Esa villa era nueva, empero emplazada ahora entrerríos cuyos hidrónimos procedían del tronco etnolingüístico aruaco y que designaban «Hatibonico» y «Tínima». A los de la hueste aventurera y sedienta de oro capitaneada por Pánfilo de Narváez y el teniente ayudante Diego de Ovando, seguidos a distancia prudente por Fray Bartolomé de Las Casas, no les importaba el significado de las voces Jayamá, Camujiro, Jigüey, Canabacoa, Guáimaro, Sibanicú…
Fue a partir de ese año 1528 que el cabildo “fantasma”, de reducida composición y con apenas 14 vecinos (hispanos) y algunos “estantes” para dirigirlos, -ya que los “indios” no eran comprendidos en el colectivo humano-, se adueñó de su espacio ancestral. La tradición escrita y oral refiere que el entorno del “Corojo” cercano al Hatibonico fue ocupado por los padres franciscos, dándose paso al barrio de san Francisco, en 1599. Otro tanto debió ocurrir hacia el “barrio de la ermita de la Merced”, a cuyo frente se desarrollaba una siembra de “matas de guayaba”, que no debieron plantar los burócratas cabildarios.
Pareció suceder lo mismo a la Plaza Mayor, en que fuera levantada iglesia nueva de piedras y madera, en 1544, presumiblemente, suplantándose el topónimo aborigen de vieja data que pudo marcar el entorno por el de Plaza de la iglesia Mayor.

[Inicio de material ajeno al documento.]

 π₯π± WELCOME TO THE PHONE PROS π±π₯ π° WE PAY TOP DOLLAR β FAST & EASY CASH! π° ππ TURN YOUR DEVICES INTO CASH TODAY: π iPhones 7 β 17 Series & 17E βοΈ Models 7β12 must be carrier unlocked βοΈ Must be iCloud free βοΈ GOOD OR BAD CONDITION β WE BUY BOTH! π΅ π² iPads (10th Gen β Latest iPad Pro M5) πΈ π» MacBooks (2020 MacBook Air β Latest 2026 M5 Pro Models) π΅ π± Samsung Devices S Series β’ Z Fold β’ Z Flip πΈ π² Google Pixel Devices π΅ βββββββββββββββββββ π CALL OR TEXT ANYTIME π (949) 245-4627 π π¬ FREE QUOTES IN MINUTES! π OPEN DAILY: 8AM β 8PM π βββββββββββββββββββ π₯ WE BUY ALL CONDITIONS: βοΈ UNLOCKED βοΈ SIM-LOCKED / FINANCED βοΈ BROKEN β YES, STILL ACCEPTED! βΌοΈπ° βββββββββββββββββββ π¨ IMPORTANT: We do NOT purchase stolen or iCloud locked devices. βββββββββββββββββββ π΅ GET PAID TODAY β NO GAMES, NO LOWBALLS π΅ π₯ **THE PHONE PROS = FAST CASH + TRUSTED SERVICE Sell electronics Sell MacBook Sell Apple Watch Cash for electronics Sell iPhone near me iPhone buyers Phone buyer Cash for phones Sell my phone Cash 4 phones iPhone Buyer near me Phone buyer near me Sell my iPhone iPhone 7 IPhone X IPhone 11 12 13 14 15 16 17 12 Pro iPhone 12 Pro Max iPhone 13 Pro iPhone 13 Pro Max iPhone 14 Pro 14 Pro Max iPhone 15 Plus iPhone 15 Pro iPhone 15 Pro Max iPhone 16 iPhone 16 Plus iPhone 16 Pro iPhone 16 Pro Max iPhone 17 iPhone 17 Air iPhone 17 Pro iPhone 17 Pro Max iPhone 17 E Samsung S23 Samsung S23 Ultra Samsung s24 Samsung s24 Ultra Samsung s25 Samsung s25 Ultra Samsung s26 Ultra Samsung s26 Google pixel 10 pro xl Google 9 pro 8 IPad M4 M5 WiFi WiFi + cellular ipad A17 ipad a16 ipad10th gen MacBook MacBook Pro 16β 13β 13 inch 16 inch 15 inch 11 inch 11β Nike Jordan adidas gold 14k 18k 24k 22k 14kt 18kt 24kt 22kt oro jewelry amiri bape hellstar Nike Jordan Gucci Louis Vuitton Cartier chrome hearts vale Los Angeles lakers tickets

De esos mismos espacios sin diseño ni traza geométrica perfecta en este período, salieron las primigenias callejas o senderos de comunicación hacia diversos lugares, los que serían nombrados de modo popular y arbitrario: “la calle que va a los ejidos”, “la calle que se dirige al Paso Real”, “la calle que va al Rio”, “el Paso Real de la Caridad”, “la calle que viniendo de la iglesia Mayor va a la Ermita de san Francisco”, “la calle del Colegio de los Padres Expulsos”, “la calle de la Reina que va a Ticuinicú”, “la calle que va a Nuestra Señora de Loreto”, “la calle que llaman de la Carnicería Vieja”, “la calle de la casa de Azotea”, “la calle que va al Paso del Caimán”, “la calle del Calvario”…
La toponimia y la identidad urbana
A la toponimia histórica del Puerto Príncipe de primeros siglos coloniales, el nuevo Camagüey le reemplazaría por acto soberano de voluntad popular con nuevos nombramientos derivados de personalidades y de sucesos de gran significado para la formación de la identidad regional de nuevo tipo; para la formación de nuevos imaginarios y de valores culturales superiores, con fuerte arraigo a la historia regional y dentro de ella a las luchas de emancipación.

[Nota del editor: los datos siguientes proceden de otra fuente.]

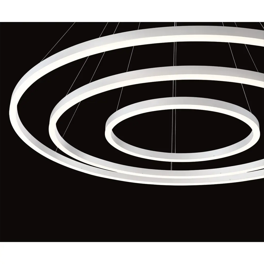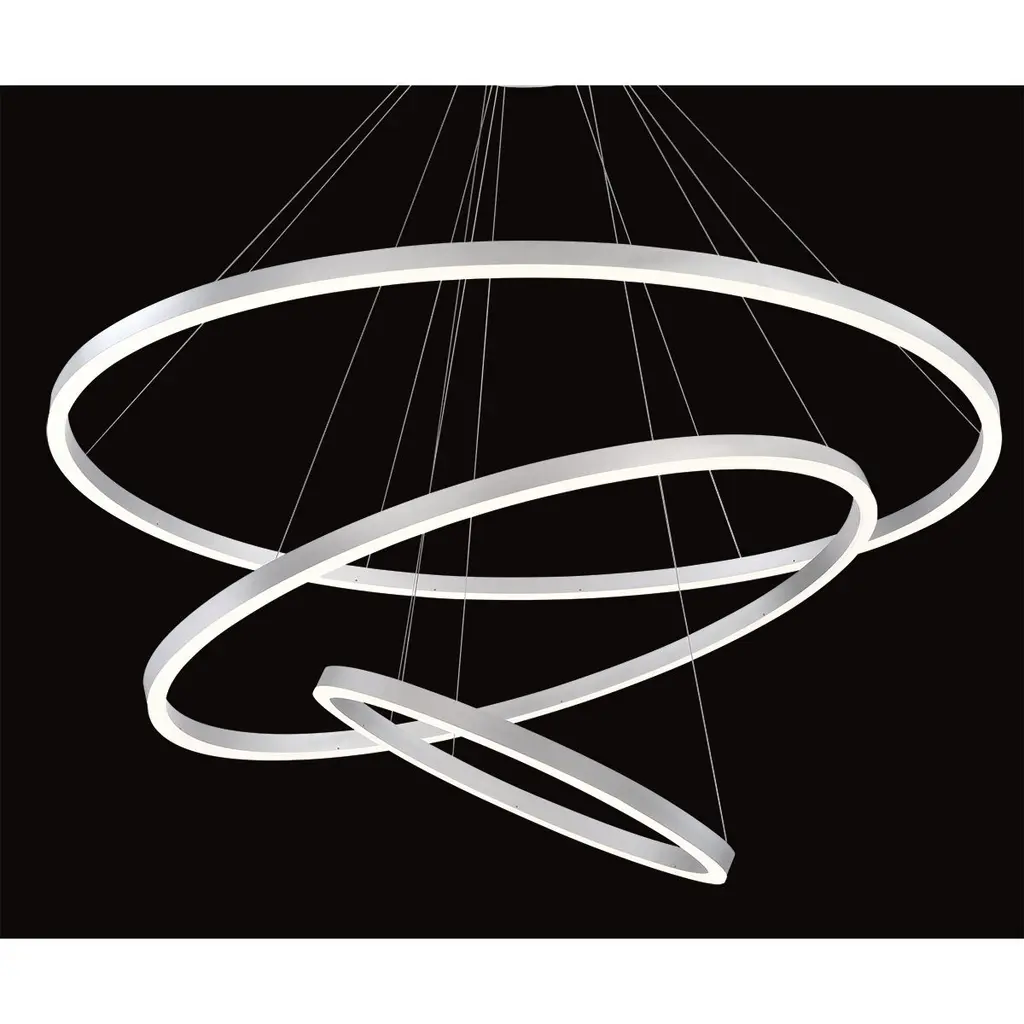 Oversized machined aluminum rings bring these simple chandeliers to life. The grand stature demands attention and illuminates large spaces with opal diffused LED lighting.

Había fenecido el mandato del Régimen absolutista español en la Isla-archipiélago cuando el nuevo ayuntamiento de mayoría criolla cubana, encabezado por un ex general de división que peleara por órdenes de Máximo Gómez, el 13 de febrero de 1899, haría aprobar de modo oficial el cambio de nombre de las históricas Plazas de la Iglesia Mayor por Plaza “Ignacio Agramonte Loynaz”.
El caudillo regional que liderara un ejército regional y a decenas de parientes y amigos por tal de lograr la independencia de Cuba. Eso solo bastaba para que la plaza principal de su ciudad natal llevase su digno nombre.
Igual decisión consensuada adoptaría el consejo para renombrar la plaza de san Francisco de Paula por el del Lugarteniente general del Ejército Libertador Antonio Maceo Grajales, nombre que se extendiera a dos tramos de la antigua calle de san Pablo llamada “del Comercio”.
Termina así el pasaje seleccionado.